Archive

Quotes

A government which robs Peter to pay Paul can always count on the support of Paul.

—George Bernard Shaw, 1944

People revere the Constitution yet know so little about it—and that goes for some of my fellow senators.

—Robert Byrd, 2005

Democracy is the recurrent suspicion that more than half of the people are right more than half of the time.

—E.B. White, 1944

A riot is at bottom the language of the unheard.

—Martin Luther King Jr., c. 1967

Politics is the art of preventing people from taking part in affairs which properly concern them.

—Paul Valéry, 1943

A real leader is somebody who can help us overcome the limitations of our own individual laziness and selfishness and weakness and fear and get us to do better, harder things than we can get ourselves to do on our own.

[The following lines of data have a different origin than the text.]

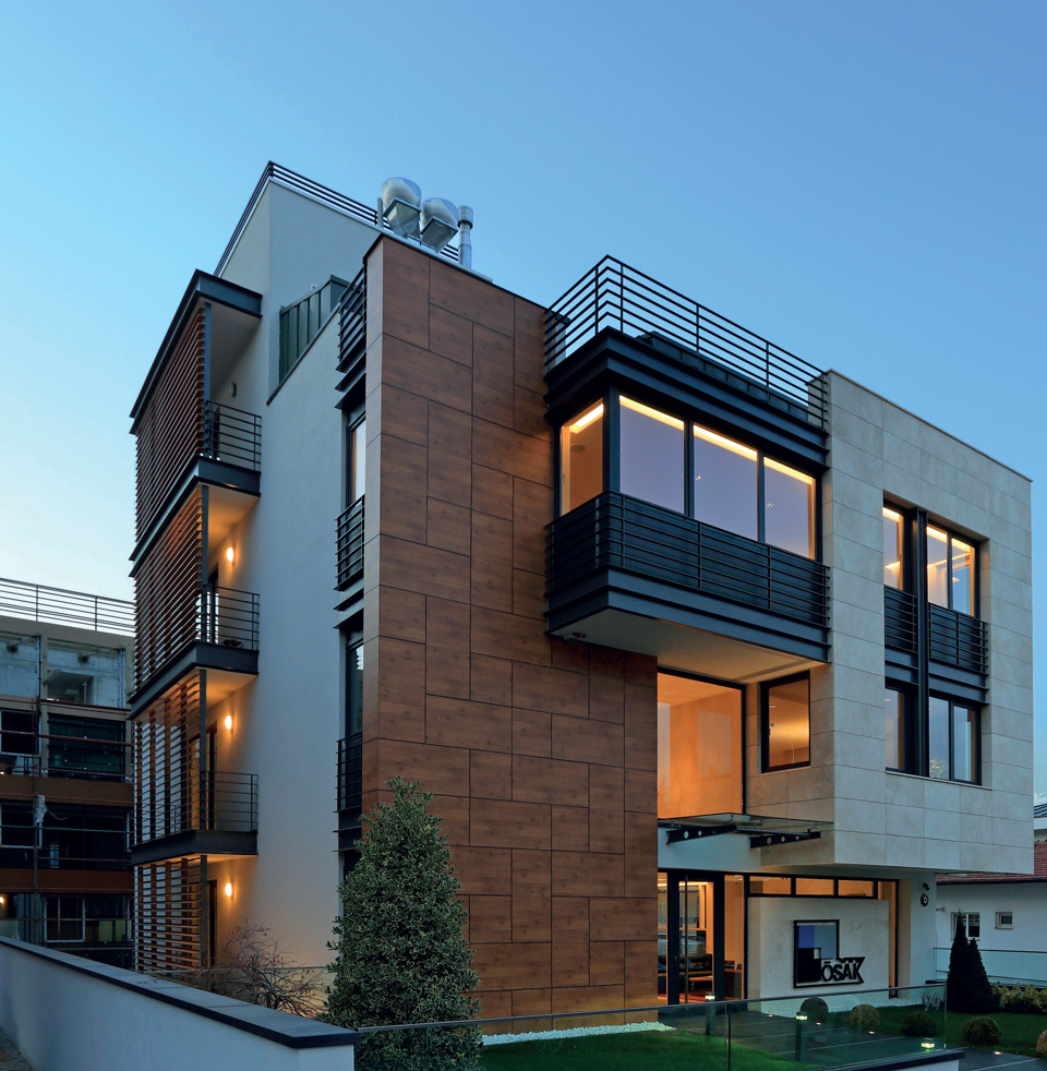 Dolgulu traverten taşı renk ve dokusu için özel olarak seçilmiş, cephe oranları ve çizgilerine uyumlu olarak ebatlandırılarak cephe genelinde kullanılmış… Komşu yapıya bakan sol yan cephe binanın merdiven ve servis hacimlerini çevreleyip olabildiğince sağırlaşırken eğim yönünde yer alan sağ yan cephe, işlek bir cadde olan Reşit Galip Caddesi’ne bakan ön cephe ve komşu yapıya bakan arka cephede çalışma alanları gizliliği ve hâkim Ankara manzarası göz önünde bulundurulmuş. Yapının altı metre mesafeden yan parsele bakan galeri boşluğundaki dış cephesinde hem mahremiyet sağlamak hem de iç mekân zenginliği için çağdaş bir vitray tasarımına yer verilmiş.
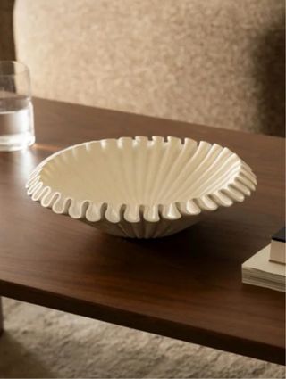 Elegante ciotola decorativa con un design a pieghe che aggiunge un tocco di stile a qualsiasi ambiente. Perfetta come centrotavola o per contenere piccoli oggetti. 30cm
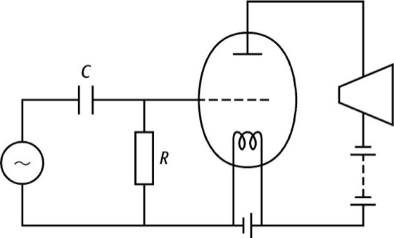 2) Audionschaltung, 1912 von L. de Forest entwickelte Schaltung zur gleichzeitigen Gleichrichtung (Demodulation) und Hochfrequenzverstärkung mittels einer Audionröhre. Die Audionschaltung ist eine der ältesten Empfängerschaltungen der Rundfunktechnik. Durch Rückkopplung wird die Verstärkung und damit die Empfindlichkeit des Empfängers erhöht.
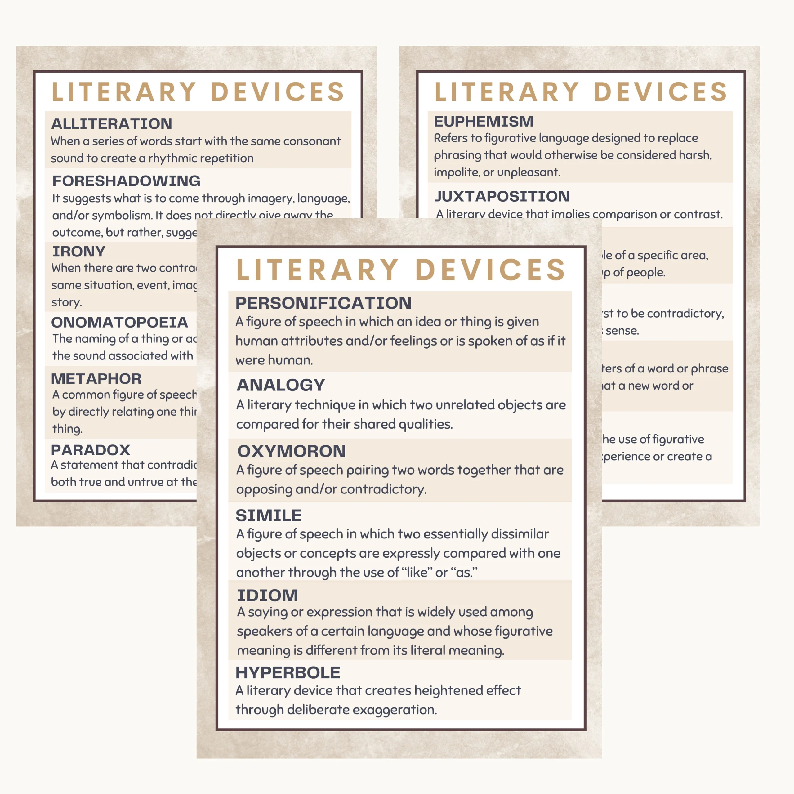 Next time you come across a metaphor or personification in a piece of literature, you’ll be able to consult your literary devices chart printable for a quick reminder of what that technique entails. It’s like having a cheat sheet for unraveling the mysteries of literary works!
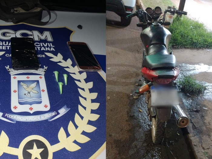 Foram apreendidos dois aparelhos celulares e a motocicleta que foi encaminhada para a Derf (GCM)
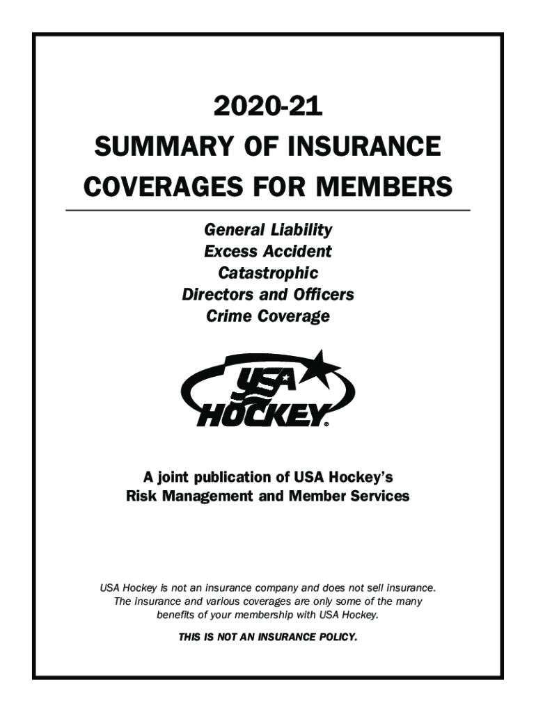 202021 SUMMARY OF INSURANCE COVERAGES FOR MEMBERS General Liability Excess Accident Catastrophic Directors and Officers Crime Coverage joint publication of USA Hockey Risk Management and Member Services

—David Foster Wallace, 2000

Why has the government been instituted at all? Because the passions of men will not conform to the dictates of reason and justice without constraint.

—Alexander Hamilton, 1787

There is nothing more tyrannical than a strong popular feeling among a democratic people.

—Anthony Trollope, 1862

The U.S. presidency is a Tudor monarchy plus telephones.

—Anthony Burgess, 1972

You have all the characteristics of a popular politician: a horrible voice, bad breeding, and a vulgar manner.

—Aristophanes, c. 424 BC

Every country has the government it deserves.

—Joseph de Maistre, 1811

Treaties, you see, are like girls and roses: they last while they last.

—Charles de Gaulle, 1963

The most hateful torment for men is to have knowledge of everything but power over nothing.